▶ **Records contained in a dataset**
- Opening Delimiter -
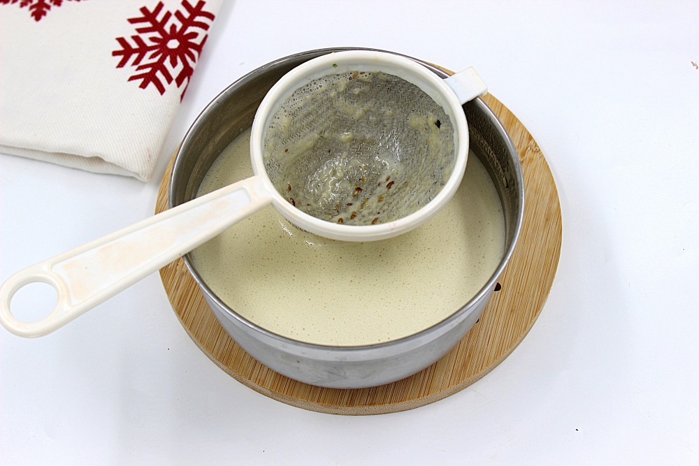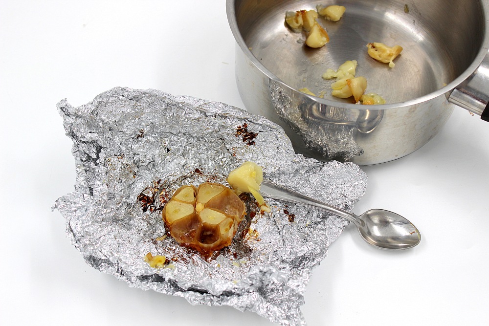 Ложечкой выбрать зубчики запеченного чеснока прямо в сотейник, в котором и будет вариться соус.
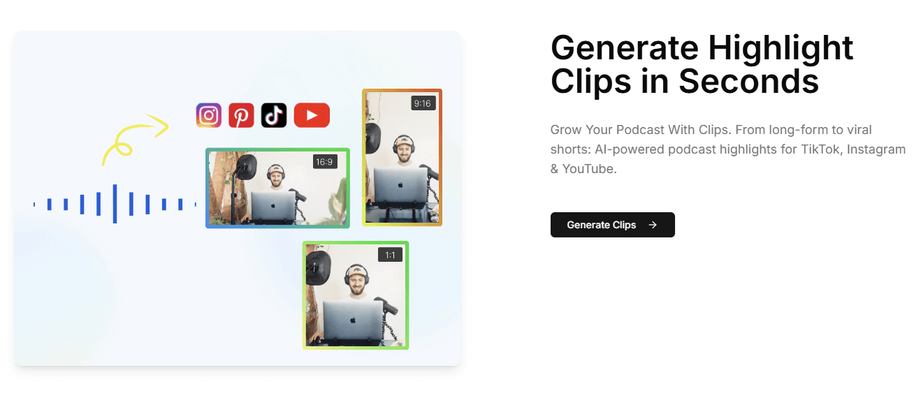 팟캐스트 AI가 자동으로 팟캐스트의 핵심 부분을 추출하여 하이라이트 클립을 생성하고, 이를 기반으로 소셜 미디어 게시물을 제작합니다. TikTok, Instagram, YouTube Shorts 등에 최적화된 콘텐츠를 손쉽게 만들 수 있습니다.
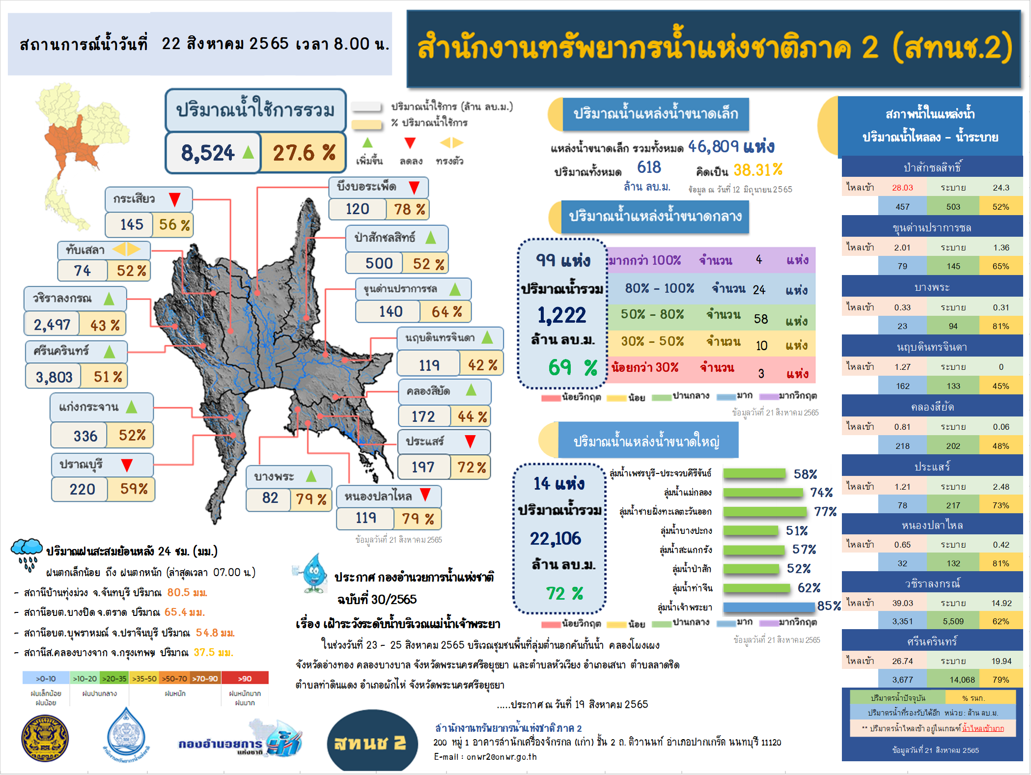 รายงานสถานการณ์น้ำ วันที่ 24 สิงหาคม 2565
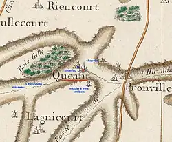 La carte de Cassini ci-contre montre qu'au milieu du XVIIIe siècle, Quéant est une paroisse traversée par le ruisseau L'Hirondelle.
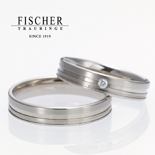 平打ちのフォルムにラインを二本入れたシンプルなデザインの結婚指輪です。FISCHERの指輪の中でも厚みの薄いシリーズで、指にはめて頂くと隣の指に全く干渉せず、指輪を着けていることさえも忘れてしまうほどの着け心地の良さが一番の特徴です。また、4mm幅ということで少しだけ幅のあるデザインですが、二本のラインを中心に入れるのでなく、あえて下側に片寄せたことにより、全体的に少しすっきりして見えて、女性でも幅をあまり気にせずにお使いいただける結婚指輪です。ラインは機械で入れるのでなく一本一本、マイスターの手作業で入れています。その辺がFISCHERの手作業へのこだわりをよく感じれる指輪です。
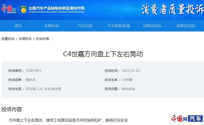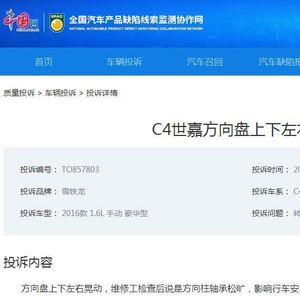 中国网汽车3月22日 (记者 王忆东)中国网汽车质量投诉平台连日来陆续接到东风雪铁龙C4世嘉车主投诉车辆方向盘晃动严重,给行车安全造成极大影响。其中有车主向记者反馈称:维修工对车辆进行检测后,表示是方向柱轴承松旷。
- Closing Delimiter -
▶ **WORK ORDER**
The data above holds the lines to copy: start at the one with "รายงานสถานการณ์น้ำ วันที่ 24 สิงหาคม 2565", stop at the one with "La carte de", include both, copy them exactly without pictures, and copy nothing else.

▶ **RESULT BELOW**
 รายงานสถานการณ์น้ำ วันที่ 24 สิงหาคม 2565
 La carte de Cassini ci-contre montre qu'au milieu du XVIIIe siècle, Quéant est une paroisse traversée par le ruisseau L'Hirondelle.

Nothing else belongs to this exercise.